The expansion phase is nearing its end, which implies that both earnings and FCFF should start improving. We expect Apollo to be FCFF-positive over FY21-24E. As the new capacities start generating commensurate revenue there would be a multi-fold growth in earnings over FY21-23E. We expect positive FCFF would assist in bringing down debt and resulting in lower interest outgo," the broking firm has stated.
Broking firm, IIFL has suggested buying the stock of Tube Investments. The broking firm sees an upside potential of 13 per cent on the stock.
Tube Investments of India (TI), a part of Murugappa Group, has a strong established franchise across the auto and industrial sectors in India and overseas.
According to IIFL, with 56% of consolidated revenues linked to the auto sector, TI is a direct play on domestic auto recovery on account of its strong leadership position in the auto components segment (2W and PV), supported by wellspread manufacturing capacities.
"The outlook is strong for rail section supplies for coach building. The large-diameter tubes segment, driven by import substitution, should see healthy growth as demand revives in FY22-23E.

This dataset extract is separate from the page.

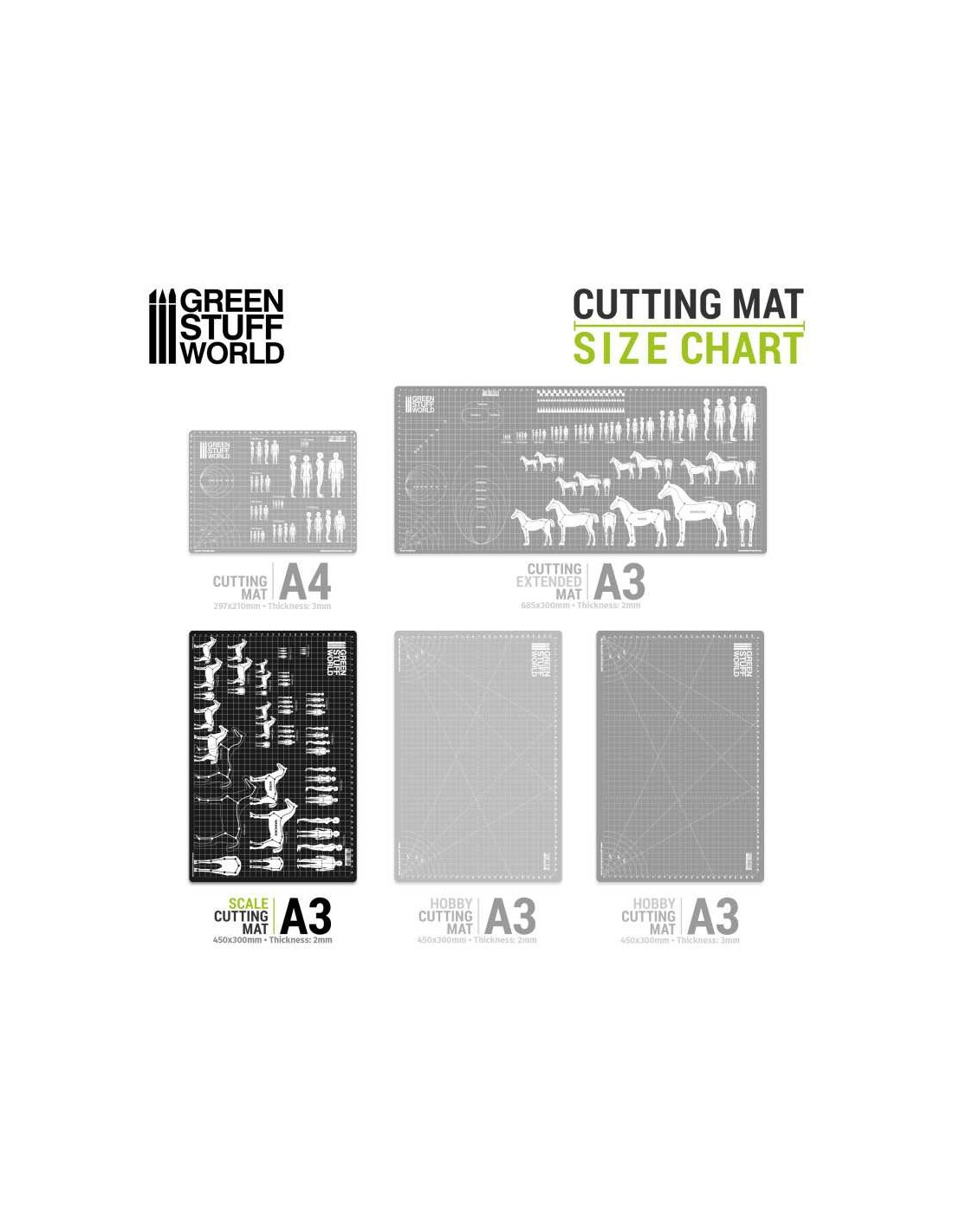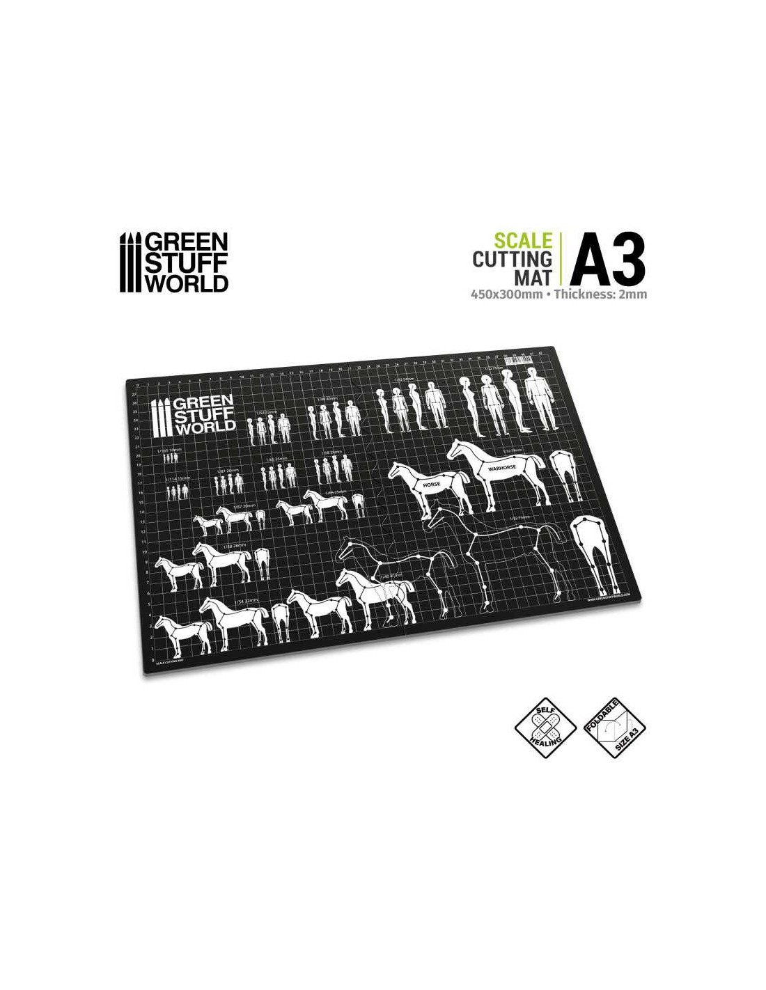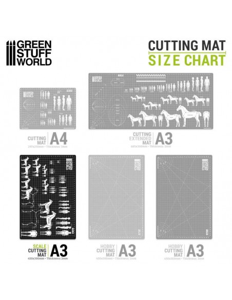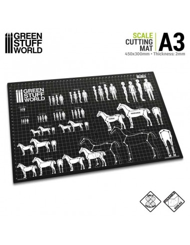 Sul tappetino sono stampate le linee guida delle scale più comuni, che ti permetteranno di creare armature per scolpire miniature sia da uomo che da donna. Troverai anche le stesse scale e linee guida per creare armature per cavalli e destrieri da guerra.

The CG Power acquisition, which is expected to close in the current quarter would enable TI to diversify away from the domestic auto segment and strengthen in industrial manufacturing portfolio. As a result of strong focus, the company has witnessed meaningful improvement across three businesses thereby improving margins while lowered W/C has improved RoIC and cash flows over the past four years. On account of recovery across business and margin expansion, we expect 17% revenue CAGR and 31% EPS CAGR over FY21-23E," the broking firm has stated.